The Power of Tradition

When we think of rituals, big picture, we often think they’ve been around forever. Take the rituals related to spirituality, for instance. In some instances, rituals are elaborate and filled with pomp and circumstance. Some take place in buildings built specifically for those very rituals.

But before the pomp and circumstance developed, and before the purpose-built buildings existed, how did those rituals survive?

It’s safe to say that they survived because the people that believed in them committed to them. People imbued the rituals with emotional significance, which made them durable. Their durability, in turn, came to define them. They’re rituals because they last – and they last because they’re rituals.

That may feel like a conundrum, but it’s not.

Rituals are defined by the fact that the people who believe in them keep them alive from year to year and from generation to generation. They keep them alive because the rituals give their lives meaning, help them make sense of their existence, and give them a sense of their place in the grand scheme of things.

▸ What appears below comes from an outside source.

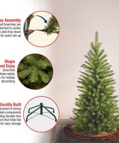 - This Kingswood Fir Slim Artificial Green Christmas Tree is 4 feet tall with a 22 inch base diameter. Featuring hundreds of individually crafted branch tips to create full bodied branches. this tree is designed to look and feel lifelike.

That’s exactly what your holiday traditions do for your kids, whether you realize it or not. And that’s why you should try to keep them alive during this COVID-influenced holiday season in whatever way you can. Have that extended family Zoom meal – and make sure your teenagers see their relatives. Share a picture of the pumpkin pie with Aunt Gayle. And make sure she gets a chance to see and hear your teenager. These holidays come around every year, and our kids count on them. They draw a sense of security from them. They know that no matter what happens, they can look forward to the holidays to remind them who they are, who they love, and what’s most important in life.